Caribou Mountains (used to be gold up there...)

For we were on this immense grassy calderic platter. Mountains defined the distant edges and the great grassy sea the flat surface with the magma dome in the center, Bear Island. 

Down the moats were ducks, Mallards mostly as they rose in small flocks of five or eight. Our nearness not so great as to allow identification except by form on the wing. These cautious prey had sense of the reach of shotgun. But for one or two stragglers who might have been shot on the wing from where we walked. 

Mallard in flight.

Soon the gravel track transitioned to thatched path of dense tall grasses. The dog unable to see but straight down the path. The yearning to pounce the thicket at every rustle and stirring, kept short on the lead. 

The sky was a mass of meteorological confusion, skeins of rain from purple cloud pregnant with moisture, the winds driving cloud ahead of its draping rainfall. Sunlight bursting unexpectedly warm on wind blushed skin casting theatrical lighting of yellows on distant mountain-sides. Thick white thunderheads billowing over distant peaks. All around a constantly changing colusion of clouded confusion. 

Finally we find the edge of the island and a giant beaver lodge gatehouse-like sits at the end of the causeway. Flattened tracks of grass lead into the aspen thickets, beaver slides. All about chiselled stumps and gnawed bark of white aspen trunks. 

American Robin

We walk the shore of this island where grasses whisper in the wind and lap up to the rocky beach. Thick stands of vibrant aspen carpet the hill above and hide the tops. A raven chortles up there somewhere and the ubiquitous American robins burst out ahead of us. 

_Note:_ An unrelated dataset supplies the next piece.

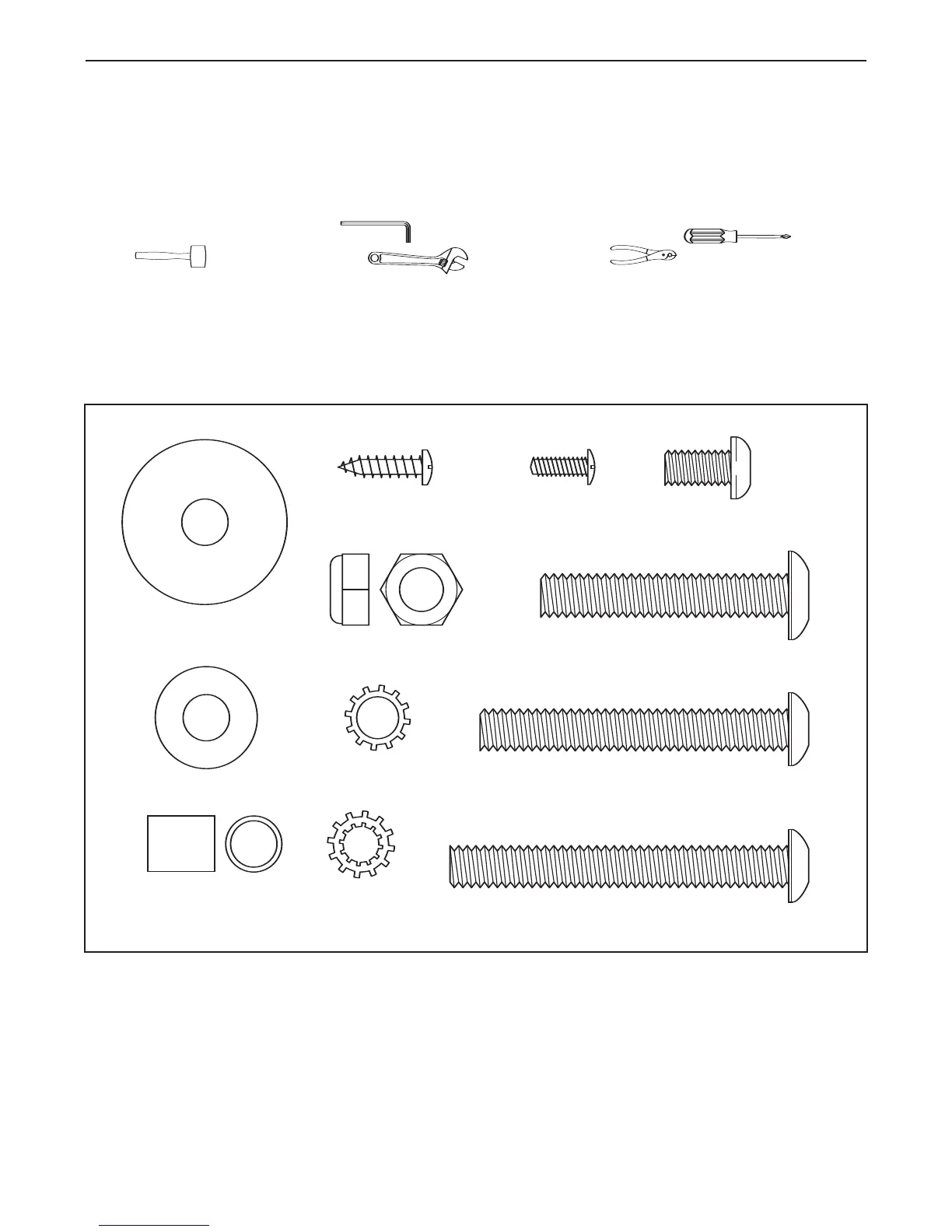 Use the drawings below to identify the assembly hardware. The number in parentheses below each drawing is

The grassy sea around us is pockmarked with pools, channels, and ponds to which we can only imagine from some small glimpses. 

We halt at some strange sound. A wildcat? The whine and groan of a tree leaning against another, the wind bowing some sad notes? No there it is again, the bugling of bull elk, calling their harem and also any rivals. A haunting high pitched wavering whistle ending in an elongated honk.  

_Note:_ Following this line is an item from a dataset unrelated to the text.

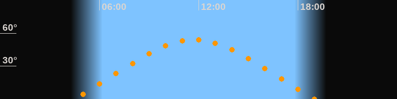 | Höchster Stand (Kulmination) | 11:44 Uhr (h = 54,2°) |

This and the darkening sky over the hill signals we should return. Could be heavier rain so donning my rain jacket we walk the two miles back to the truck. We return tired. The defeated sentries have fled the track and stare at us dumbly from the fields as we make our way back. 

We have visited a small part of a huge otherworld. One where if you can’t fly or float may as well be on another planet. An inaccessible alien world perfect home to its denizens. Where the secret lives and struggles happen with little human notice or care. The eagle, harrier, raven, lark, wren, blackbird. Duck, coot, swan, and crane. Coyote, fox. Elk, deer, moose.